Vericel Corporation (NASDAQ:VCEL), a leading developer of
autologous expanded cell therapies for the treatment of patients
with serious diseases and conditions, today reported financial
results for the first quarter ended March 31, 2017.
Total net revenues for the quarter ended March 31, 2017 were
approximately $9.4 million, net of a $2.8 million revenue reserve
related to an unresolved contractual dispute between one of the
Company’s pharmacy providers and a payer. Net revenue
included approximately $5.0 million of Carticel® (autologous
cultured chondrocytes) and MACI® (autologous cultured chondrocytes
on porcine collage membrane) net revenues and approximately $4.4
million of Epicel® (cultured epidermal autografts) net revenues,
compared to $8.8 million of Carticel revenues and $5.3 million of
Epicel revenues, respectively, in the first quarter of 2016.
Carticel and MACI net revenues reflect a change in estimate for
revenue reserves of $2.1 million related to 2016 sales and $0.7
million related to 2017 sales.
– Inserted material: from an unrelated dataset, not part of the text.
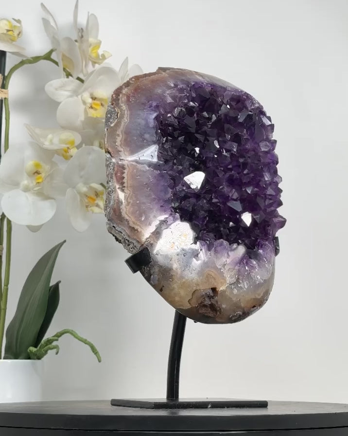 Elevate the ambiance of your home or office with the captivating beauty of our Quartz Specimens. Nestled elegantly on a modern metal display, this stunning piece blends natural elegance with contemporary style, making it a perfect addition to any decor.

The company engages pharmacies
to contract with insurance providers and recently received
notification of a dispute between one contracted pharmacy and a
payer. Since the company retains credit and collection risk
from the end customer, we revised our estimate by assuming cases
processed by that pharmacy will be paid at a lower out-of-network
rate. The earlier estimates were based on claims being paid
on an in-network basis consistent with the actual payment history
and the pharmacy’s interpretation of its contract with the
payer.
Gross profit for the quarter ended March 31, 2017 was $2.3
million, or 24% of net revenues, compared to $7.5 million, or 54%
of net product revenues, for the first quarter of 2016.
Research and development expenses for the quarters ended March
31, 2017 and March 31, 2016 were $3.5 million. Clinical trial
expenses for the ixCELL-DCM clinical trial and research and
development expenses related to Epicel were consistent for both
periods. Research and development expenses related to
Carticel decreased, offset by an increase in research and
development expenses related to MACI.
Selling, general and administrative expenses for the quarter
ended March 31, 2017 were $8.4 million compared to $6.0 million for
the same period in 2016. The increase in SG&A expenses is
primarily due to an increase in consulting expenses of $0.8 million
for marketing initiatives related to the launch of MACI, an
increase in personnel costs of $0.8 million primarily related to an
increase in the MACI sales force, costs associated with
reimbursement and patient support services for Carticel and MACI of
$0.5 million, and an increase in professional fees of $0.3
million.
Loss from operations for the quarter ended March 31, 2017 was
$9.6 million, compared to $2.0 million for the first quarter of
2016. Material non-cash items impacting the operating loss
for the quarter included $0.5 million of stock-based compensation
expense and $0.4 million in depreciation expense.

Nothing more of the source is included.